Dulcimer is a fretted stringed instrument. Dulcimers have three to eight strings, extending along a flat neck and over a hollow sound chamber.
Early dulcimers were picked with a feather knife and corroded with a wooden doll or bone, called a musician. The lower strings drummed open, served as drone notes, while the upper string was used for the melody.
Originally used for Appalachian folk music, the players adapted dulcimer to Celtic, American folk, country, Cajun and gospel music. Musicians developed improvements to suit different styles of music, including the addition of more frets and strings. They also began to use their fingers, instead of notes and quills, to mill and strum the strings.
While modern manufactured dulcimers have popular body styles and fret and string layouts, traditionalists still create their own instruments according to their individual interpretation. Patterns vary depending on body shape, fret distance and number of strings, depending on where they are made and musical.

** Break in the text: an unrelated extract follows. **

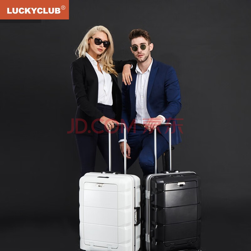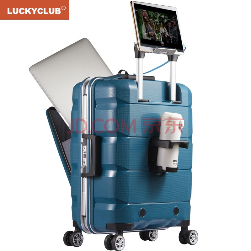商品相册:LUCKY CLUB 行李箱男女铝框拉杆箱前置开口商务旅行小多功能登机箱 20英寸第

Fun facts h2> Dulcimer is also known as Appalachian dulcimer, hog fiddle, lap dulcimer and mountain dulcimer. It is the official state instrument of Kentucky. The word ‘dulcimer’ is thought to be derived from the Latin ‘dulcis’ and the Greek ‘melos’, meaning ‘sweet music’. Europe’s settlers in the Appalachian Mountains are believed to have made the first dulcimers in the 19th century. Dulcimer was considered the only truly American folk instrument, inspired by guitar and deep-fried citation, a harp-like instrument with frets.